When mod_rewrite runs before mod_alias you end up with problems. An incoming URL request is rewritten to an internal path by the mod_rewrite RewriteRule and the internal pointer is updated. Next, when mod_rewrite runs, it takes that pointer and uses it as a part of the new URL and then exposes it out on to the web in the Location part of the HTTP header of the redirect.
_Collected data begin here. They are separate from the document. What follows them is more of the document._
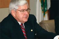 New digs: Executive Board members hashed out issues in the American Veterinary Medical Association's Headquarters Conference Center. In June, Dr. James Cook (above) and other board representatives approved the $1.9-million renovation that includes state-of-the-art technology, flat screens and expanded office space. Cook has since announced his candidacy for 2007-2008 AVMA president-elect. (Photo: American Veterinary Medical Association)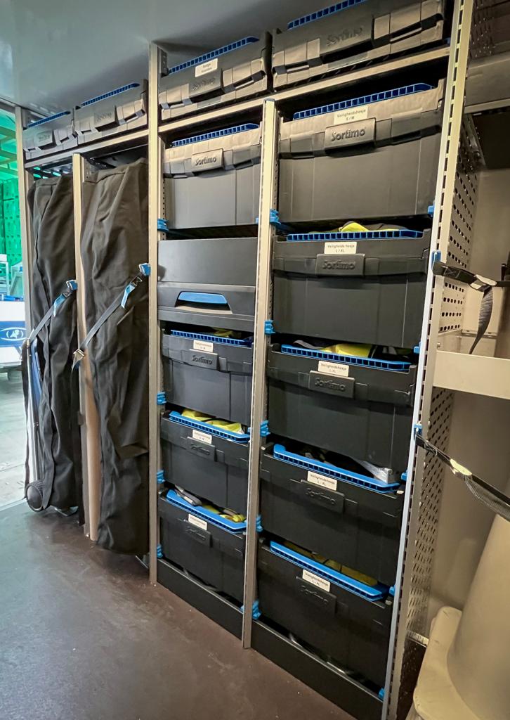 ,,De CPV materiaalwagen is nu voorzien van een doordachte Sortimo Globelyst 4 indeling, waarbij alle inzetmaterialen overzichtelijk zijn opgeslagen waarmee een snelle inzet mogelijk is. Daarnaast is de materiaalwagen uitgerust met een stroomvoorziening van Victron Energy. Uitgevoerd met een EasySolar, zonnepanelen en een 12 Volt accu”, legt Verbruggen uit.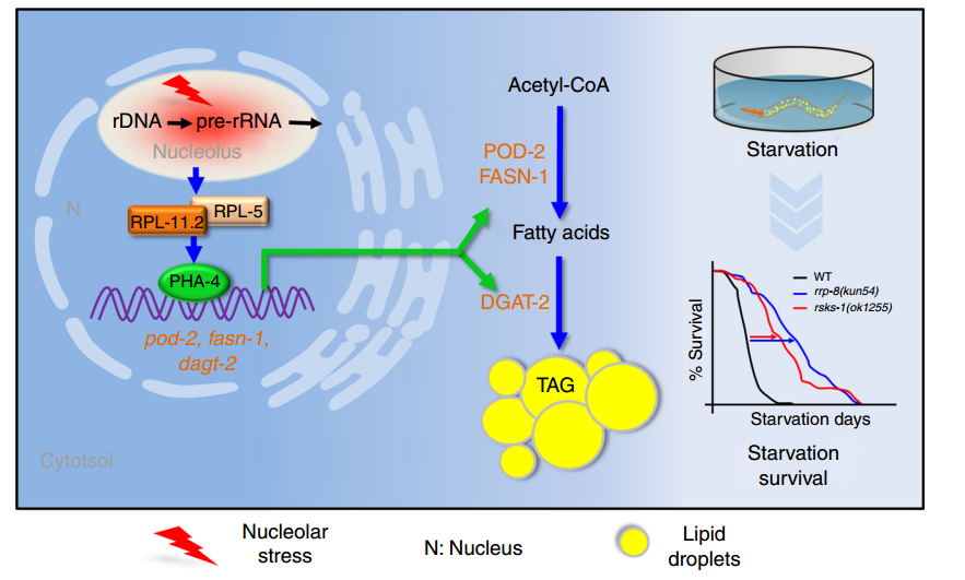 中科院动物进化与遗传前沿交叉卓越创新中心梁斌研究团队利用秀丽线虫全基因组遗传筛选优势,发现rrp-8基因突变后出现脂滴显著增大、脂肪过多积累。RRP-8主要是参与rRNA的前处理加工,其突变后导致核糖体合成受到明显的抑制。进一步研究发现,和rrp-8基因突变体表型类似,无论是利用抗霉素D(Actinomycin D)抑制rDNA转录,还是pro-2/pro-3等参与rRNA加工处理的突变体线虫,都出现脂滴增大和脂肪过多积累,表明核仁应激改变能量代谢、导致脂肪积累。该研究新发现了一种细胞器应激和脂代谢相关,即核仁应激激活转录因子PHA-4/FoxA,上调脂肪合成,把能量转为脂肪储存,为人类核糖体代谢相关疾病、以及肥胖和肥胖相关代谢性疾病提供了新的研究思路。该研究成果发表在NatureCommunications上。同时,该研究工作得到中科院先导专项(B)、卓越中心、国家自然科学基金委、云南省高端科技人才、云南省中青年学术后备人才等项目资助。该研究成果分别被新浪网、中科院、云南省科学技术厅等多家报道。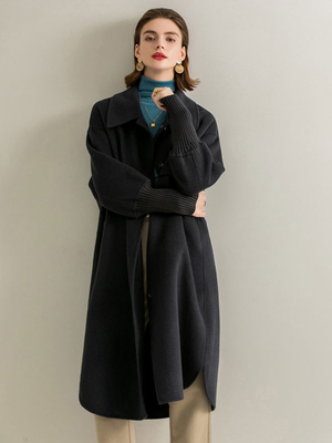 Cappotto Coccon Nero Misto Lana Vestibilità Comoda Colletto Turndown Soprabito Classico Autunno Inverno Midi Capispalla Per Le Donne & Abbigliamento Donna > Cappotti > Cappotti da Donna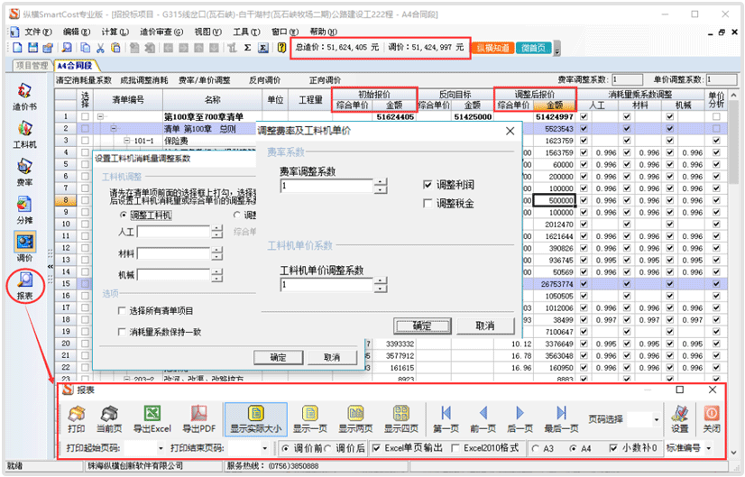 3.调价功能,是顶尖造价工程师的至爱。同时具备正向和反向调价功能,同时出调价前后两套报表;深入至消耗量、单价、费率的每一个细节,立即实现任意单价调整。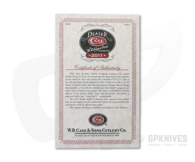 This Case 2011 Dealer Knife display features the Cheetah (V5111 1/2 L SS) pattern in Tru-Sharp stainless steel with “Case Dealer Knife” logo etch, “Long Tail C” serialization engraved bolster and stag covers. This “XX Tested” display gives the history of the now iconic “XX” mark. Available to dealers once a year, these highly collectible display sets are exceedingly rare and difficult to acquire. Includes wooden display box and certificate of authenticity.

This is why there's the oft-repeated rules
- "if you use RewriteRule for any of your directives, use it for ALL of your directives", and
- "list RewriteRule redirects before RewriteRule rewrites" and
- "list redirects from most specific to most general" and
- "list rewrites from most specific to most general".

lucy24

12:15 am on Aug 15, 2011 (gmt 0)

WebmasterWorld Senior Member 10+ Year Member Top Contributors Of The Month



While pawing through Apache I found a reference to Rewrite Logs [httpd.apache.org], which would be amazingly useful and informative except that it looks as if you can't do it in .htaccess :(

Next, when mod_rewrite runs, it takes that pointer and uses it as a part of the new URL and then exposes it out on to the web in the Location part of the HTTP header of the redirect.
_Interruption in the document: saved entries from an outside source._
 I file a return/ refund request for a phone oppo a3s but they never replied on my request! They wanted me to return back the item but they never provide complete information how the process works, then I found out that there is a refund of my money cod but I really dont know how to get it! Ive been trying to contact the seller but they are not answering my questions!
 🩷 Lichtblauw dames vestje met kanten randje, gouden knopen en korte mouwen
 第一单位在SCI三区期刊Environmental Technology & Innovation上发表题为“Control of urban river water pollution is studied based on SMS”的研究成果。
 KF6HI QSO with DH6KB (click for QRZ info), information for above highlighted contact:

Did you mean to say mod_alias, or am I hopelessly confused? The two are not mutually exclusive.

g1smd

7:33 am on Aug 15, 2011 (gmt 0)

WebmasterWorld Senior Member 10+ Year Member Top Contributors Of The Month



That'll teach me to post at 1 a.m.

Corrected:
When mod_rewrite runs before mod_alias you end up with problems. An incoming URL request is rewritten to an internal path by the mod_rewrite RewriteRule and the internal pointer is updated. Next, when mod_alias runs, it takes that pointer and uses it as a part of the new URL and then exposes it out on to the web in the Location part of the HTTP header of the redirect.

lucy24

3:16 pm on Aug 15, 2011 (gmt 0)

WebmasterWorld Senior Member 10+ Year Member Top Contributors Of The Month



Yup. My quick-and-dirty test involved putting three redundant lines in .htaccess, all responding to a request for /foobar (directory I, ahem, don't actually have). Combination of paraphrase and literal text:

-- set variable keep_out (leading to "Deny from...")
-- RewriteRule with R=301 to /rewritten_url
-- Redirect 301 to /redirected_url

First try: 403 with status bar saying /foobar, meaning that mod_setenvif kicked in first. Deleting this line: 404 screen with status bar saying /rewritten_url. Deleting this line too: nothing left for browser to show but 404 screen with /redirected_url.
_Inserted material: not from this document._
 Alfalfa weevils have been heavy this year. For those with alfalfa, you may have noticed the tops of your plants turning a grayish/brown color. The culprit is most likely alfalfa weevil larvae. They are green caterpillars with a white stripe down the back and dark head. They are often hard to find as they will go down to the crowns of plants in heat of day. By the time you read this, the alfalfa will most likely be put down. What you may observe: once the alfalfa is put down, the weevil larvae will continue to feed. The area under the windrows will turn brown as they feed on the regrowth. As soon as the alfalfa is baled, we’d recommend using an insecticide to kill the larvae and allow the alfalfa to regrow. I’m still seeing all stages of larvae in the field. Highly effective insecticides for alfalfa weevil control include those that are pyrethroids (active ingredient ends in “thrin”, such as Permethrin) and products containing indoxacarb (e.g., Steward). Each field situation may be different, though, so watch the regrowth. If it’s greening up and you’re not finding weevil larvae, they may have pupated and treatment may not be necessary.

That's assuming I understand correctly that everything involving any one module is processed in a batch before htaccess moves along to the next module. I double-checked by putting the three lines in a different order (Redirect first, SetEnvIf last); no change.

g1smd

3:24 pm on Aug 15, 2011 (gmt 0)

WebmasterWorld Senior Member 10+ Year Member Top Contributors Of The Month



Yes, per request, apache runs one module at a time and that module will carry out everything in the .htaccess configuration file that applies to it. When that module is done processing the current request, control passes to the next Apache module to do its thing.

Apache modules are run in the reverse order to how they are listed in the LoadModule part of the httpd.conf file. It's a fatal error to run mod_alias after mod_rewrite, so I never take that chance and use only mod_rewrite directives, never mod_alias.